Но то, о чем храню память, а осталось — какие-то крохи, как отблеск, это — мое, только у меня, да наверно есть и бывало у каких-то еще «уродов»; пелось не только во мне, а и вокруг — от звезды до камня; весь мир, живой и мертвый, пронизан был звуком: там, где был свет и цвело, там звенело. Долго я не мог оценить всю бессмысленность загадки: «...зеленое и поет» — да как же иначе, раз зеленое, значит, поет и не может не петь!
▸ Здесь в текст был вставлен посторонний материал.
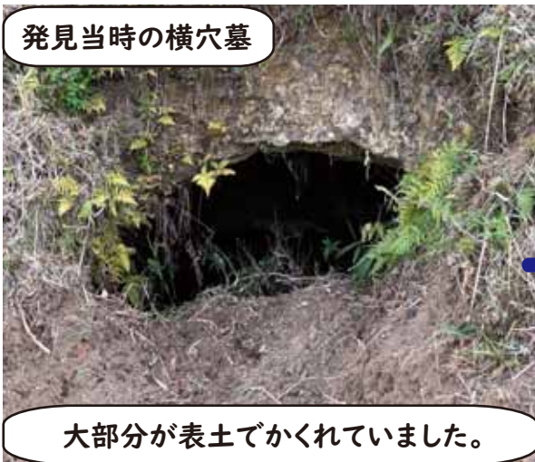
発見当時の横穴墓

ぜんていぶ 前庭部…横穴墓の入口 せんもん せんどう 羨門…羨道の入口 げんしつ 羨道…入口から玄室までの通路 げんもん 玄門…玄室への入口。 ひつぎ あんち 玄室…棺に遺体を入れて安置する部屋

Ничего так не любил я, как ветер; я заслушивался его воем — его хаотическая песня была мне, как музыка: серый — зеленая рожица — он примащивался в теплой трубе и, сидя на корточках (одна нога куриная, другая утиная), выл, ничего не видя, ничего не желая знать, выл и, перевыв, срывался и улетал на «водопой»; я слушал, боясь шевельнуться: вернется... если бы вернулся! В бурную ночь на океане, наконец-то дождавшись, я прислушиваюсь и с тем же трепетом к гудущим голосам; в их музыке тоже безразличие, ничего не слыша, ничего не желая знать, гудут, но они не серые, как московский домашний ветер, цвет их — цвет ореха, их целый оркестр, и в нарастающем перебойно-извилистом чугунном взливе они окрашиваются алым — сок зеленых фиг. Бурная музыка не проходит бесследно: морю она принесет безмятежность, но выдержать нечеловечески-гудущие подъемы мне так же трудно, как глазам излучающееся безмятежно-лучистое море; я знаю, крот в своей норке, живя, как и я, жуткою жизнью, не спит, слушает в такие ночи, ну, а потом медвежьей своей лапкой жалуется на сердце.